Histórico Criminal Pesa na Decisão Judicial

Além da gravidade do ataque recente e da subsequente violação das medidas protetivas, o histórico criminal de Márcio Gomes foi um fator determinante para que o magistrado decidisse pela prisão preventiva. O acusado possui um extenso rol de passagens pela polícia, incluindo delitos como receptação, roubo, furto, estelionato e, de forma preocupante, outras ocorrências de violência doméstica. O juiz Yuri César Serapião fundamentou sua decisão argumentando que a imposição de novas medidas cautelares seria insuficiente para controlar o comportamento do indivíduo, que demonstrou um padrão de conduta intimidatória. 'É necessária a prisão preventiva do averiguado, pois conforme exposto pela vítima, o representado age de forma intimidatória, perseguindo a vítima, danificando patrimônio e contando com auxílio de terceiros', pontuou o magistrado.

A Posição da Defesa do Acusado

Em contrapartida às graves acusações e à ordem de prisão, a defesa de Márcio Gomes, representada pela advogada Fernanda Caetano, manifestou-se publicamente para contestar a veracidade das informações divulgadas. Em um vídeo enviado à TV Tribuna, a advogada afirmou que os fatos não correspondem à realidade do que ocorreu e que seu cliente não tinha intenção de ferir a esposa ou os familiares. A defesa reiterou que todas as questões serão devidamente elucidadas no âmbito processual, comprometendo-se a apresentar as provas cabíveis e a demonstrar a inocência de seu cliente no decorrer das investigações e do julgamento.
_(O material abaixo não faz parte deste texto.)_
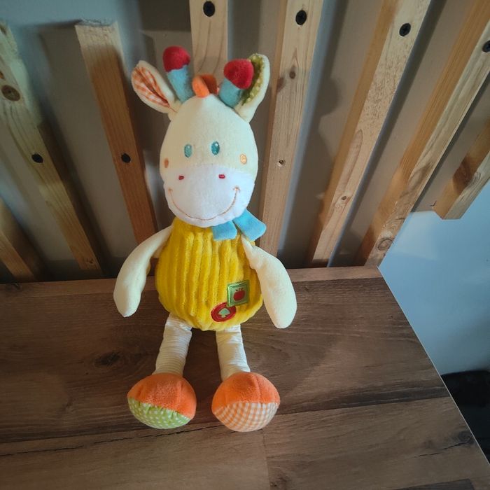 Mots d'enfants doudou girafe jaune bleu blanc rouge orange pomme champignon echarpe Collection 2013 15 euros Envoi en relais

Enquanto Márcio Gomes permanece foragido, as autoridades continuam as buscas, e o caso segue sob investigação. A situação em Mongaguá ressalta a importância da aplicação rigorosa da Lei Maria da Penha e a complexidade dos casos de violência doméstica, especialmente quando medidas protetivas são desrespeitadas e o histórico do agressor indica um padrão de conduta violenta. A Justiça agora busca garantir que o acusado responda pelos seus atos, em um esforço para proteger as vítimas e assegurar a ordem pública.